Some notable quotes for the ones that don't want to take the time to read it:

"The consistent conclusion: there is no evidence of greater efficiency.2 So, the best outcome one can hope for is that private-sector ownership or involvement is no worse than what the public sector provides – hardly a turn-up for the books. The largest study of the efficiency of privatized companies looked at all European companies privatized during 1980-2009. It compared their performance with companies that remained public and with their own past performance as public companies. The result? The privatized companies performed worse than those that remained public and continued to do so for up to 10 years after privatization."

"Even in the super-competitive telecoms sector, where customers have benefited from lower costs and increasing variety of services over the years, this result holds. A global survey found that ‘privatized sectors perform significantly worse’ than telecom companies remaining in state hands."

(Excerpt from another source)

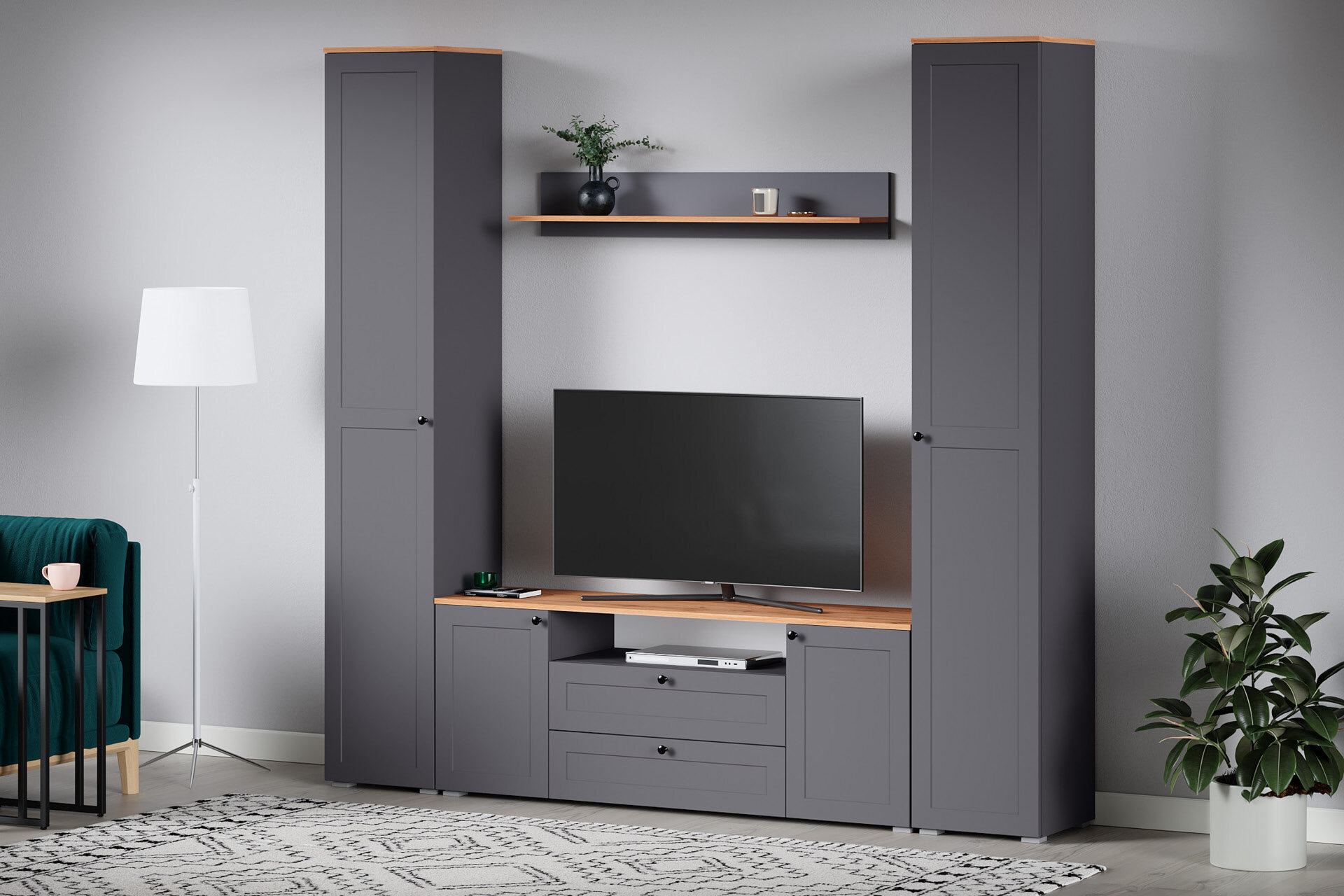 Остин Шкаф-пенал 13.225 Серый Графит 0162 РЕ, Дуб Вотан 065 R, графит ZB 856-2 ПВХ

"Healthcare is where this myth is really given the lie. In the US, where healthcare spending is at its peak, with private spending on healthcare exceeding public spending, basic health outcomes are worse than in Cuba – which spends a fraction of the US amount per person in a totally public healthcare system (see table).

Myth 5 table
A 2012 report by the US Institute of Medicine was damning:

‘30 cents of every medical dollar goes to unnecessary healthcare, deceitful paperwork, fraud and other waste. The $750 billion in annual waste is more than the Pentagon budget and more than enough to care for every American who lacks health insurance… Most of the waste came from unnecessary services ($210 billion annually), excess administrative costs ($190 billion) and inefficient delivery of care ($130 billion).’2

That same year government had to step in with the Affordable Care Act (also known as ObamaCare) to try to rectify a bloated system that was clearly failing poor citizens."

Luckily most people side with evidence rather than assumptions. I mean you really don't have to be a genius to see that a private corporation will have one goal only, and that's profits at all costs and the interests of the shareholders. In most cases there is no substitute, let alone better alternatives to the public sector. For the people by the people as they say. Yes, it's not perfect and has shortfalls but everything does touched by human hands.